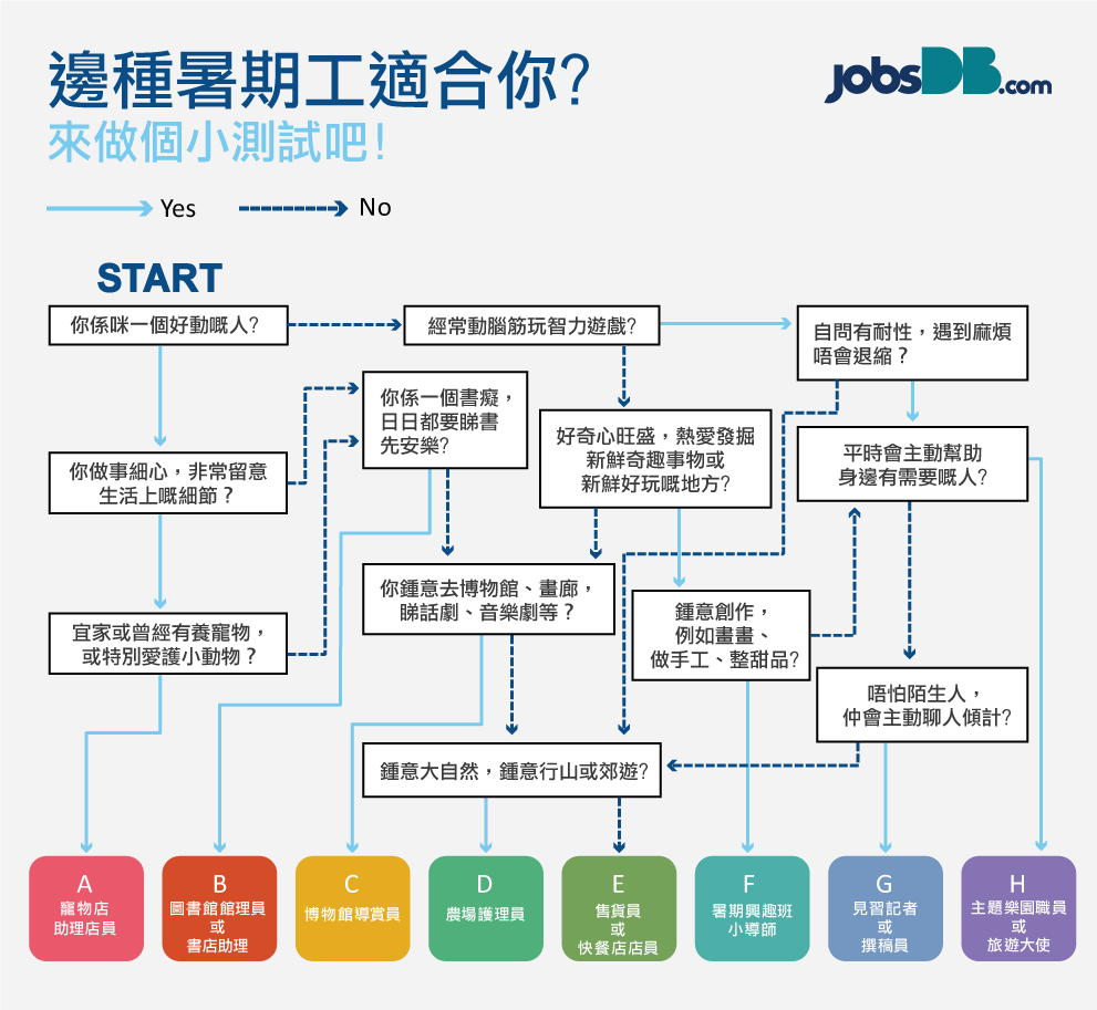 暑假又到喇﹗準備搵暑期工嘅中學生或大學生,或者仲未清楚自己究竟要搵邊類型嘅工作,面對職場上越來越多層出不窮的工種,點揀先至好呢?立刻來做個小測試,看看哪類型的工作最適合你吧﹗
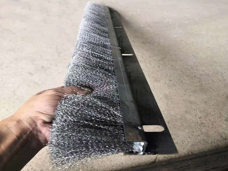 3、柔性鋼絲刷毛能密合在臺車擋板,有效的防止粉塵外溢
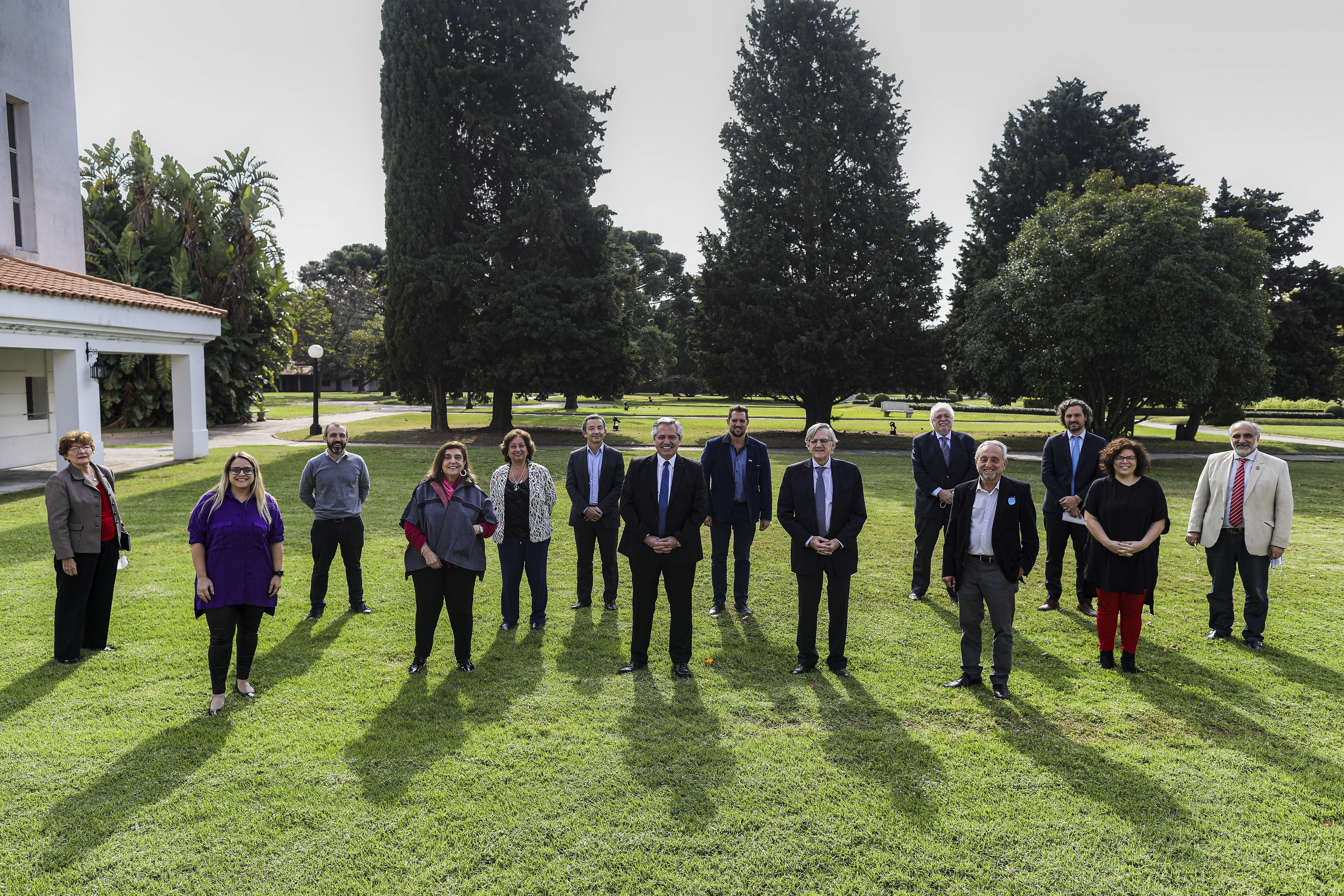 Al término del encuentro de hoy, el Presidente y sus colaboradores se tomaron una foto todos juntos en el parque de la residencia, al aire libre, aunque manteniendo la distancia social sugerida para evitar la propagación del coronavirus.

TRY IT —
Nothing but the text of the listing should be set down, exactly, with the pictures left behind.

EXPECTED ANSWER —
 暑假又到喇﹗準備搵暑期工嘅中學生或大學生,或者仲未清楚自己究竟要搵邊類型嘅工作,面對職場上越來越多層出不窮的工種,點揀先至好呢?立刻來做個小測試,看看哪類型的工作最適合你吧﹗
 3、柔性鋼絲刷毛能密合在臺車擋板,有效的防止粉塵外溢
 Al término del encuentro de hoy, el Presidente y sus colaboradores se tomaron una foto todos juntos en el parque de la residencia, al aire libre, aunque manteniendo la distancia social sugerida para evitar la propagación del coronavirus.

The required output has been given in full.